On 5/6/13 11:48 AM, Steven Schveighoffer wrote:
On Mon, 06 May 2013 11:31:05 -0400, Andrei Alexandrescu
<[email protected]> wrote:
Consider the body of min isn't known (eliminate templates etc). Then
what the compiler sees is a function call that returns a const ref.
All it can assume is it's a valid reference which it will subsequently
bind to the name given by the caller. The reference will refer
therefore to a destroyed rvalue (temporaries are destroyed at the end
of the full expression).

Well, given that we intend to infer some special behavior given the
types of the parameters, I wouldn't think it was impossible to do the
same here. This would make the rvalue live beyond the expression, so
maybe that's not allowed in C++.

I'm not sure I understand what you're suggesting.

Your example is irrelevant to this discussion because returning an
rvalue and subsequently binding it to a const T& is a completely
different scenario.

I quote from your original rebuttal:

ref int min(ref int a, ref int b) { return b < a ? b : a; }
...
int x;
fun(min(x, 100));

Which is returning an rvalue ref and subsequently binding it to a ref
parameter of fun.

Isn't that the same thing?

No.

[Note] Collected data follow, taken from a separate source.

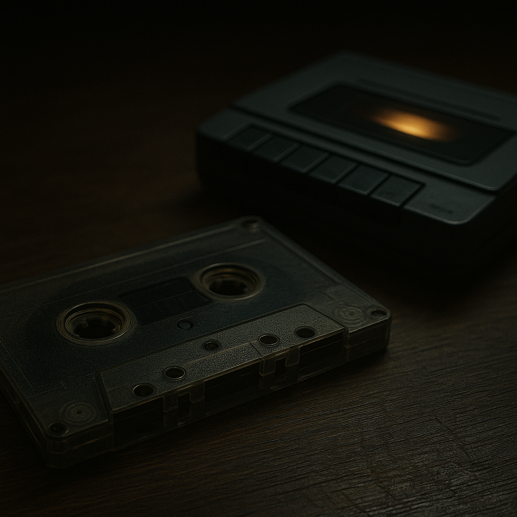 Антон нашёл кассету в старом доме бабушки. Лежала под комодом, в пыльном чехле. Без подписи. На чёрной ленте — только один номер: 0. Он не придавал значения. Просто забрал как винтажную вещь — хотел послушать из любопытства. Плеер был у него старый, рабочий. Вставил кассету. Нажал «Play». Из наушников полилась музыка — медленная, тягучая, без слов. Лёгкие аккорды, будто кто-то играет в соседней комнате. А потом — голос. Не пение. Шёпот. «Слушаешь? Я уже рядом.» Он снял наушники. Кассета продолжала крутиться. Нажал «Stop» — не сработало. «Eject» — нет реакции. Он выключил плеер. Музыка всё ещё шла. Из динамика. Без питания. Выдернул батарейки. Тишина. Облегчение. Но через час снова услышал ту же мелодию — уже из соседней комнаты. Плеер лежал на столе. Без питания. Без ленты. Снова заиграл трек. Только теперь — с искажениями. И голос стал ближе. Слов больше не было. Только дыхание. Он казался всё ближе и ближе. Антон пытался сжечь кассету — та не горела. Размотал — лента вела себя, как п
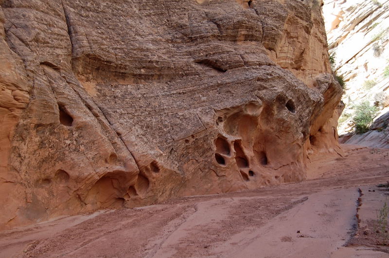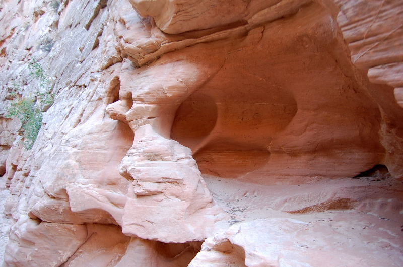 Die Canyonwanderung ist ganz abwechslungsreich, wenn auch nicht umwerfend. Wasser ist absolut keines vorhanden und so wie es aussieht war auch schon eine ganze Weile keins mehr da. Es gibt immer mal wieder schöne glatt geschliffene Felswandabschnitte und schöne Blicke nach oben. Die Sonne schafft es auch schon ab und an tief in den Canyon vorzudringen.
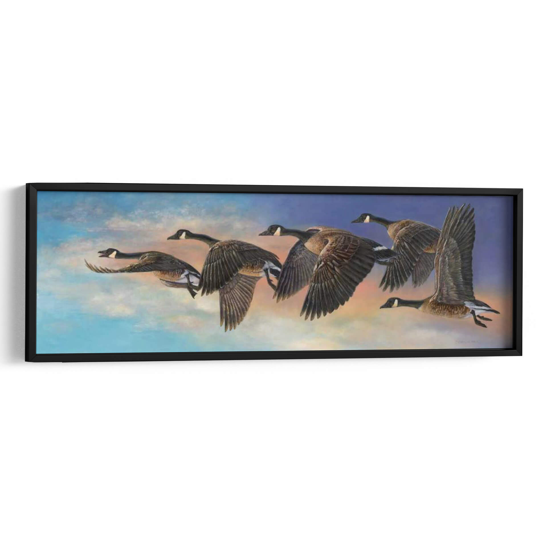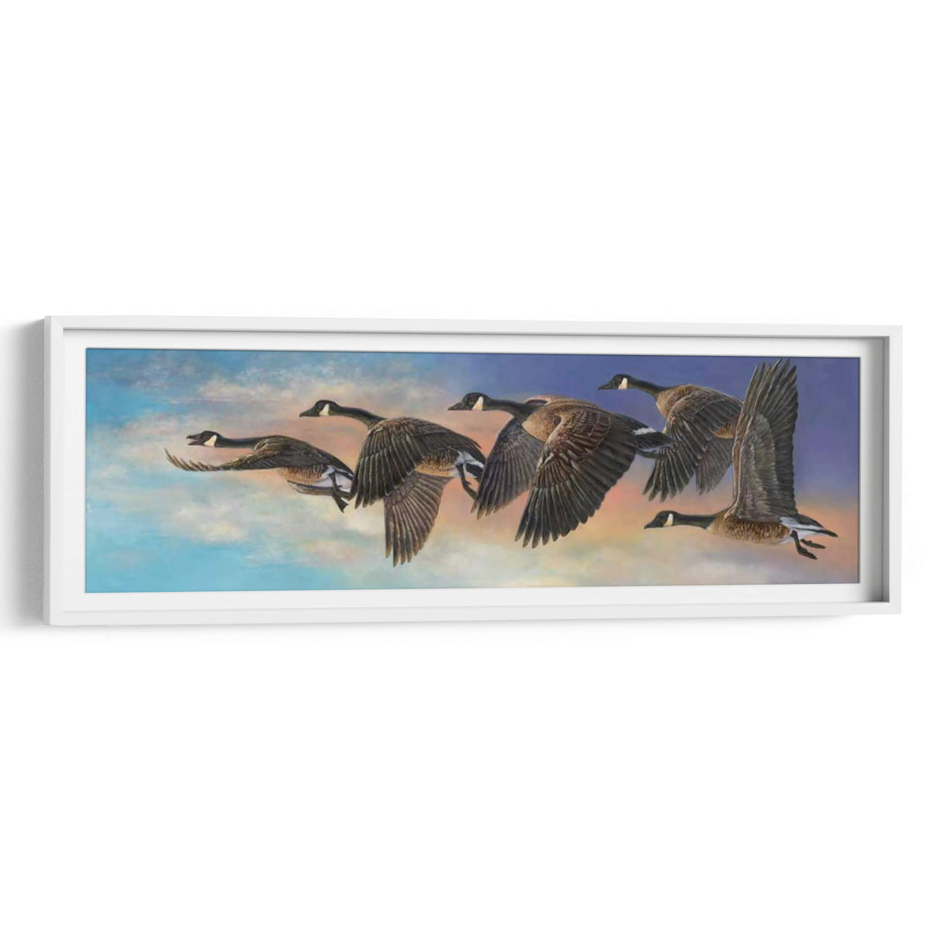 Captura la esencia del movimiento y la libertad con 'Ascenso', una obra de arte cautivadora de Carolyn Mock. Este cuadro decorativo presenta una bandada de gansos en pleno vuelo, silueteados contra un cielo vibrante que transita del azul intenso a tonos cálidos de amanecer o atardecer. La detallada representación de las aves, con sus alas desplegadas y cuerpos aerodinámicos, evoca una sensación de dinamismo y propósito. La paleta de colores, rica y evocadora, combina azules celestes, naranjas y toques de rosa, creando una atmósfera etérea y llena de vida. El estilo realista y la composición magistral guían la mirada a través de la formación de vuelo, transmitiendo la fuerza y la armonía de la naturaleza. 'Ascenso' es ideal para añadir un toque de elegancia natural y un recordatorio inspirador de la migración y la conexión en cualquier espacio. Este cuadro decorativo es perfecto para salones modernos, estudios o comedores, aportando una dimensión de serenidad y admiración por el mundo natural. Descubre la belleza del viaje y la resiliencia con esta pieza única.

It's a very different thing handled by a special rule in C++.

I would note that my code continued to return
the rvalue for chained operator<< calls.

Of course.

It would be also sound if it weren't for this:

struct A {
A(const T& x) : a(x) {}
const T& a;
};

In _this_ case, initializing A with an rvalue of type T compiles and
subsequently runs with undefined behavior.

This seems like a separate ref problem. But we don't have ref members,
so it would require an address-of in D. That should be forbidden, right?

Yes. My point was to illustrate that a special rule that works in a situation can't help another.

I repeat: binding rvalues to ref would make every mistake C++ has done
in the area, and add a few original ones. It is not a simple problem;
if it seems, more study is required.

I never said it was a simple problem. I said that if you have solved the
escape problem, the logic problem is difficult to solve, but not
necessarily required. Even though it is pointless to bind rvalues to
refs in some instances, it's not dangerous memory-wise.

If you are saying we haven't solved the escape problem, that is news to
me. I thought the runtime check solves that.

It does. But binding rvalues to ref makes bounds check failures more frequent, less predictable, and harder to debug. Failures will be more frequent because there's more chance that a ref refers to a defunct rvalue; less predictable because conditional execution may cause some paths to be rarely exercised; and harder to debug because rvalues come and go following implicit rules, not visible scopes.